痛みを抑えて日常動作を行う必要がある場合には、鎮痛剤を用います。この場合には薬局でも入手可能な非ステロイド系の鎮痛薬やアセトアミノフェンを用います。薬局でも入手可能と記載したのは、必要以上に飲んだ場合以外には副作用がでることが少ないという意味です。

 

理学療法も有効な場合があります。整形外科のリハビリテーションや整体院での治療がこれに当たります。

 

手術が必要な場合もあります。腰椎椎間板ヘルニアで筋力が低下しており、神経の脱落症状(しびれやまひ)が進行している、薬物での鎮痛作用が無効などの条件を満たした場合には手術が選択されます。手術を行うのは整形外科の場合もありますが、脳外科で行われる場合もあります。

坐骨神経痛のセルフメディケーション

長時間の立ち仕事をするのが分かっている場合には、適度な休憩を取ることや可能ならばなるべく背筋を伸ばして、肩甲骨を意識しながら姿勢を保つことも予防になります。

 

仕事の終了後に自分で体操をすることや冷感スプレーを腰にかけることも予防につながります。

 

帰宅後にお風呂などで筋肉を緩ませ、神経の緊張をほぐすことも予防につながります。

 

ふだんの生活では適度な運動、バランスのよい食事が坐骨神経痛の予防につながります。特殊なマッサージよりも、きちんとした方法でのラジオ体操(テレビ体操)を毎日続けることが予防につながります。

 

軽い痛みを感じた場合には、市販の鎮痛剤で痛みを抑えることは可能です。
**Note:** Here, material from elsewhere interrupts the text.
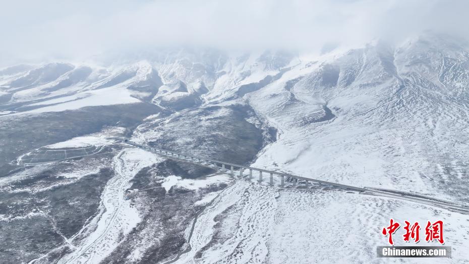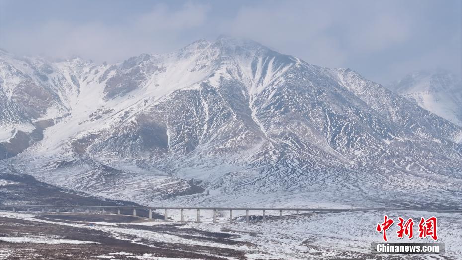 2月22日,鐵路列車從祁連山下行駛。一場春雪過后,青海省海北藏族自治州門源縣境內(nèi),連綿不絕的祁連山脈被白雪覆蓋,大地銀裝素裹,靜謐純凈,盡顯壯美山川。中新社記者 馬銘言 攝

また、背筋を伸ばすようなサポーターや腰のサポーターも予防につながります

なかなか坐骨神経痛が治らないときには

坐骨神経痛がなかなか治らない場合にやってみることを上げておきます。大体3か月をめどにして改善が見られない場合には、治療手段を変えることを考えましょう。

 

薬局で薬を買って、自分でだましだまし使っている場合には一度、整形外科の受診をお勧めします。整体院に通っている場合にも同じことが言えます。特に検査を何もしていない場合整体院に行った2,3日だけは痛みが治まりますが、その後また痛くなる場合には検査を受ける必要があります。

 

整形外科で検査を受けて、薬で治療している人や理学療法を行っている人でも3ヶ月で治る気配がない、ますます悪くなっているような気がする場合には主治医に相談するかセカンドオピニオン(他のお医者さんの意見)を求めることもおすすめです。画像の読み違えは絶対無いとは言えません。